Hücrenin enerji meydana getirici üniteleridir. Hücre solunumunun sitrik asit devri (
Krebs döngüsü) burada gerçekleşir. Organik moleküllerden kimyasal bağların kopmasıyla açığa çıkan enerji burada
ATP şekline çevrilir.
Lizozomlar
-
Hücrede makromoleküllerin ve maddelerin lizozomal yıkılması yaşam için önemli bir prosestir; sfingomiyelin ve karbonhidrat içeren bazı sfingolipidler hücrede az miktarda bulundukları halde bunları yıkan lizozomal enzimler kalıtsal olarak eksik olursa hücrede birikirler ve lizozomal depo hastalıkları denen çeşitli hastalık tabloları ortaya çıkar. Birçok genetik hastalıkta lizozomal enzimlerin yokluğu gösterilmiştir; etkilenmiş hücrelerde sindirilemeyen materyal hücrenin genişlemesine ve normal hücresel işlevlerin bozulmasına neden olur.
Golgi cisimciği
-
Golgi cisimciği, aygıtı ya da kompleksi, zarımsı tüp ve keseciklerin biraraya gelmesiyle meydana gelir. Genellikle çekirdeğe yakındır. Bilhassa aktif salgı yapan
bez hücrelerinde göze çarpar. Asıl görevinin, hücrenin salgıladığı proteinleri depolamak olduğuna inanılmaktadır. Paketleme ve
salgı görevi yapar. Salgı bezlerinin hücrelerinde sayıları daha fazladır. Örnegin; ter bezlerinden ter, bunlar gibi örnekler.

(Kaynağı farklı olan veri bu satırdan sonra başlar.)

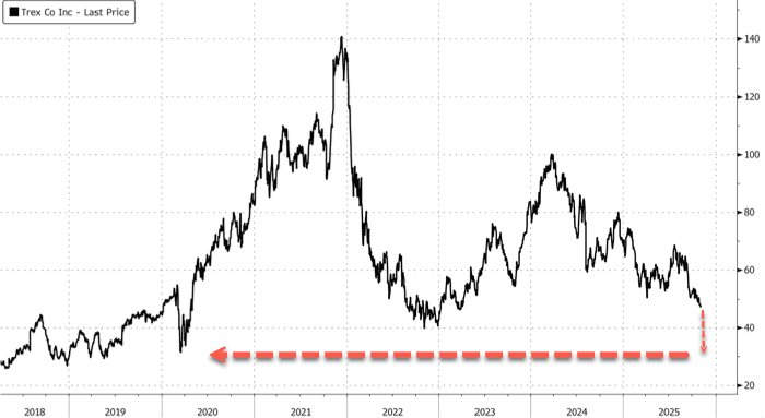 Trex shares plunged to early-2020 lows amid the dismal outlook.
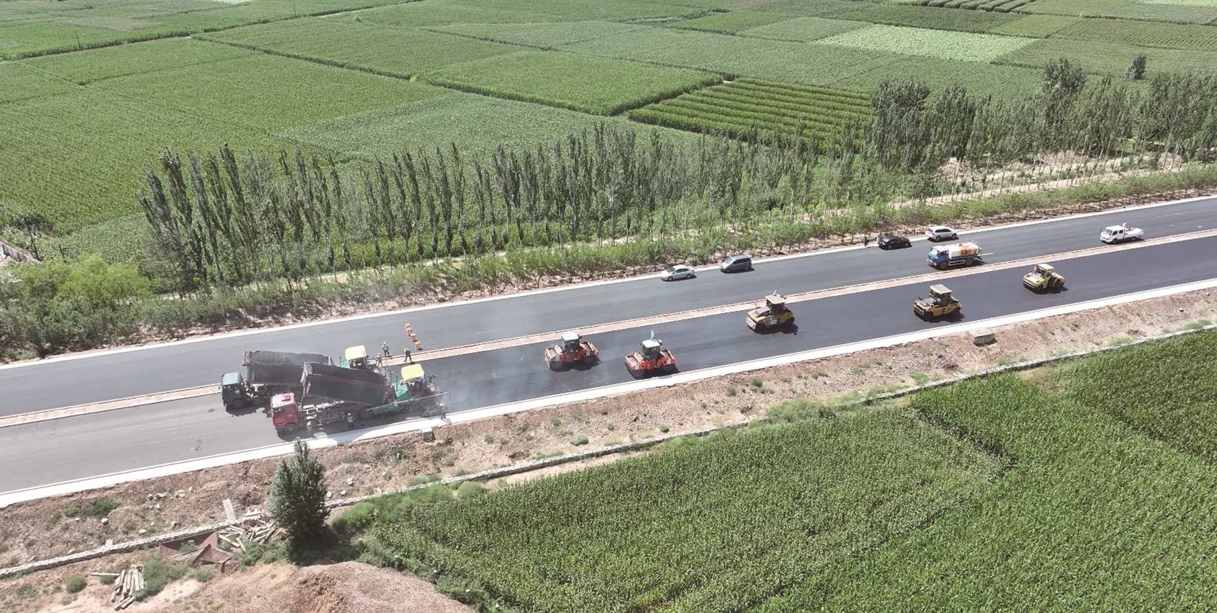 近日,国道110黄羊木头至磴口段公路施工现场机械轰鸣,摊铺机与压路机正在有序进行沥青摊铺作业,施工现场一片繁忙景象。
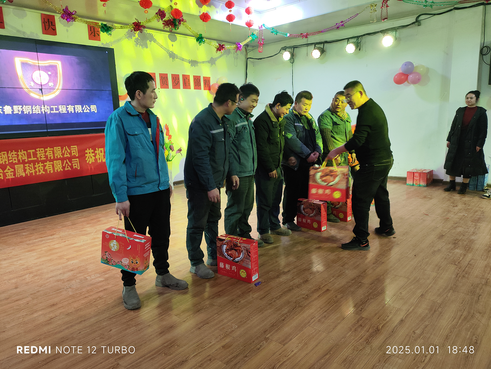 在辭舊迎新之際,魯野鋼結(jié)構(gòu)工程有限公司于2025年1月1日成功舉辦了一場(chǎng)精彩紛呈的元旦聯(lián)歡會(huì),全體員工歡聚一堂,共度佳節(jié),為過去一年的辛勤付出畫上圓滿句號(hào),同時(shí)奏響新年奮進(jìn)的激昂序曲。
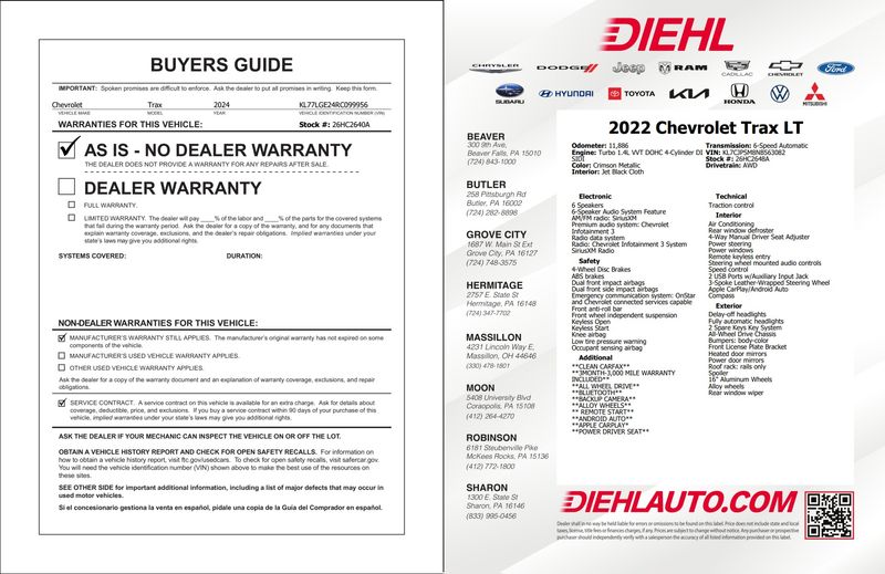 Diehl Automotive utilizes a system that generates market value pricing automatically for new and pre-owned vehicles and may cause errors, inaccuracies, or omissions. Some aftermarket additions or accessories may not be displayed properly. For accuracy, please contact the dealer for real-time, accurate pricing. A documentation fee of $398 applies and is not included in the pricing. Tax, title, and tags are also not included and must be paid by the purchaser. Some prices may include manufacturer-to-dealer offers that are not compatible with manufacturer special finance programs and/or lease offers. While great effort is made to ensure the accuracy of the information on this site, errors do occur, so please verify information with a customer service representative. This is easily done by calling us at (724) 608-3624 or by visiting us at the dealership.

Golgi aygıtı büyük çalışmalar sonucu bulunmuştur. Açığa çıkan enerji burada
ATP şekline çevrilir. Enerji üretir oksijenli solunum yapar. Enerji üretmekte kullanılır. Hücre dışında salgı yapar.
Endoplazmik retikulum
-
Sitoplazmada besin dolaşımını, yağ ve hormon sentezini sağlayan, hücre zarı ve çekirdek zarı arasında yer almış bir sıra karışık kanallar sistemidir. Üzerinde
ribozom bulunmayanlarına "taneciksiz(granülsüz) endoplazmik retikulum" denir ki, burası steroid hormon salgılayan hücrelerde steroid yapımının, diğer hücrelerde ise zehirsizleştirme olayının gerçekleştiği yerdir.Granüllü E.R üzerinde küçük tanecikli ribozomlar bulunduğu için protein sentezi,granülsüz E.R ise yağ sentezi yapar.Ayrıca besin depo etmez
Koful (Vakuol)
-
Kofullar, içleri kendilerine has bir özsu ile dolu yapılar olup bitki hücrelerinde hayvan hücrelerinden daha fazla bulunur. Genç hücrelerde küçük, yaşlı hücrelerde ise tek tek ve büyüktür. Kofullar plazmoliz ve deplazmoliz olaylarında rol oynarlar. Bir hücreli hayvanlarda, besinlerin sindirildiği besin kofulları ile fazla su ve zararlı maddelerin atıldığı, boşaltım kofullarının hücre canlılığını koruma da önemli rolleri vardır.
Ribozom
-
Ribozomlar hücre içi protein sentezler. hücre içindeki en küçük organeldir. Hücrenin demirbaş organelidir çünkü hem prokaryot hücrede hem de ökaryot hücrede bulunur.